Orna: Absolutely. And of course, everything that Joanna said about libraries also applies to bookstores. And again, just to speak about the conference, there are two different talks about getting your book into bookstores, one live from London Book Fair headed up by Robin Cutler of Ingramspark and another one by Dart Frog, an Alli partner member who actively works with authors to get their books into bookstores and also has an access into a book club, which is not sort of your book club down the road meeting over a glass of wine, actually a commercial book club which buys huge amounts of books at any one time from a particular author. Discounted but very, very worthwhile. And I suppose the whole thing is really, you know, what's very clear to me, having spoken over the last week to probably, I don't know, you know, I would think thousands, probably four figures of authors, it certainly felt like that, hundreds each day, really, of different people and coming through was that you really have to stop listening to other people telling you that what they do is the way that it's done.

Orna: You have to go back to first principles, no matter how advanced to feel you are along the trail, every so often you need to return to your own definition of success here.
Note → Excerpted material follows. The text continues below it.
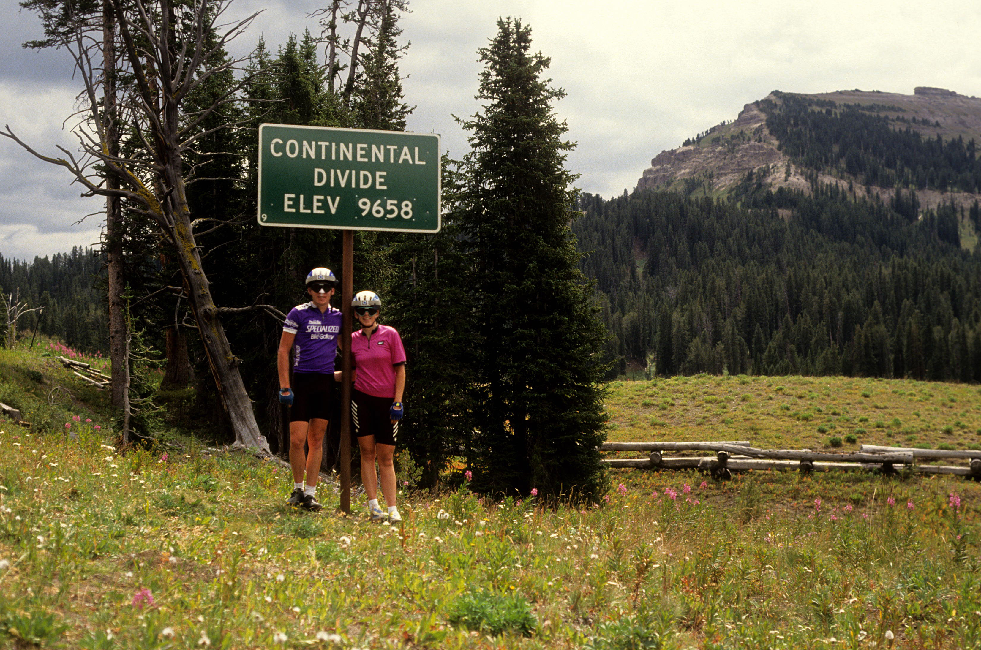 After lunch we started to climb Togowotee Pass. It was a very long climb, somewhere around 17 miles of climbing. It got pretty steep at spots but leap-frogging the RAW riders made for a good distraction. And the scenery was very nice. The elevation at the top was 9668, our highest point of the trip so far. It was also our first time crossing the Continental Divide. I don’t think the pass elevation sign are correct. It seems that some states might exaggerate pass signs to “outdo” their neighbors. Our bike computer was almost 100% accurate whenever we were at a town, be it sea level or in the mountains. Yet at the top of ever pass, we were always a couple 100 feet lower than the signs list elevation. Dave called it “neighbor-state pass envy”. Either way, they are all hard to ride up with a loaded tandem!
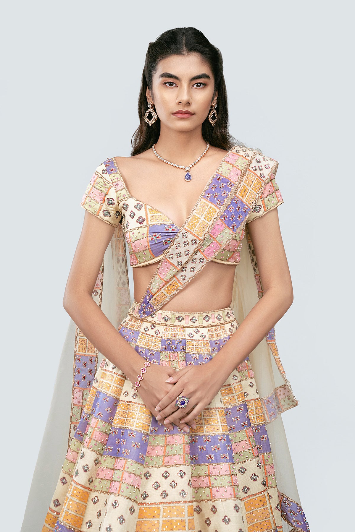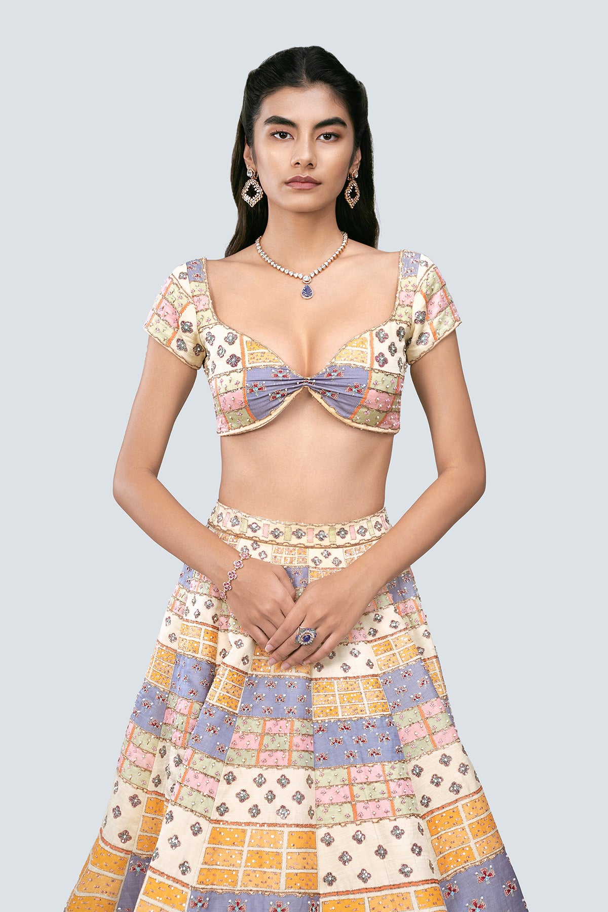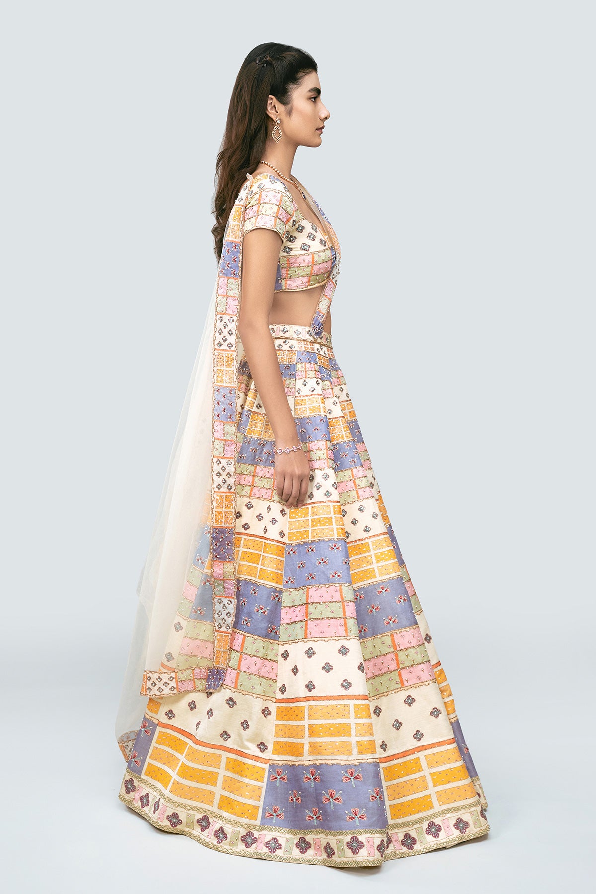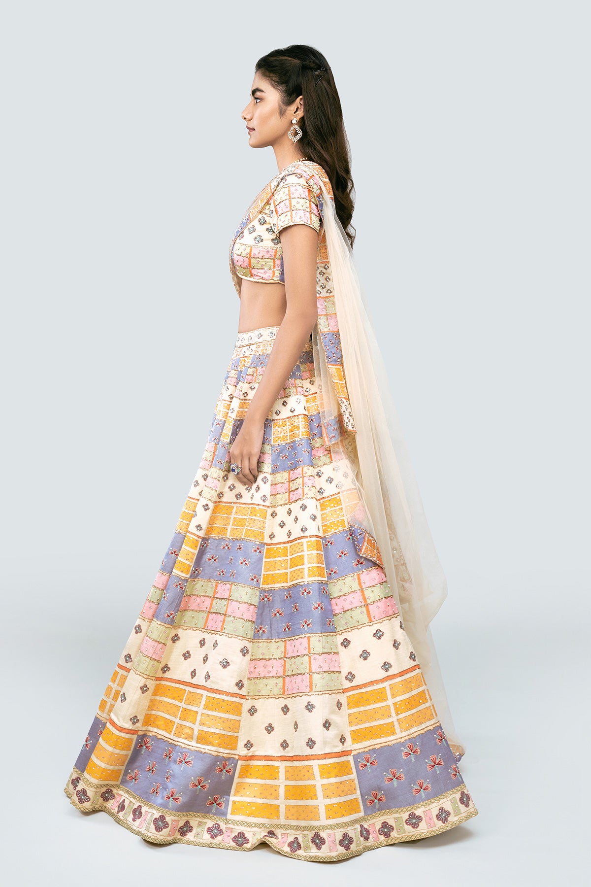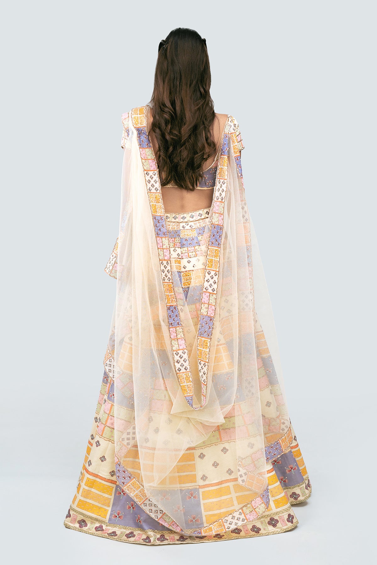Multicolored printed, embellished Kasab satin lehenga with blouse and net dupatta with border.

What do you want to do? And as you grow and as you develop, you know, that changes but that learning, that growth, that exploration, that experiment is the very heart of independence. And there is no such thing as independence without being able to earn your own money is actually core to independence. So, you know, bringing again as we were saying, the commercial and the creative together in that way and it's just a huge, huge opportunity for us to grow as possible for ourselves as an individual author and each one of us that does that then grows what is possible for the whole community, for other authors as well. So just to encourage you to, don't kind of take anybody's word for it until you've explored and experimented a bit for yourself because we're all different and there are opportunities for us to be much more different than we are at this point in our development.

Joanna: Yeah, absolutely. And I think that it does kind of circle back to what I was saying about my 10 years show as well because the other sense you get at the Fair is you get people who you've just discovered Indie and it's like, “Oh hey, so what do you do here? Who are you, the Alliance of independent Authors? What does independent author mean?” And you just suddenly realize that. I thought we all knew that by now but no are we still on day one as Jeff Bezos says?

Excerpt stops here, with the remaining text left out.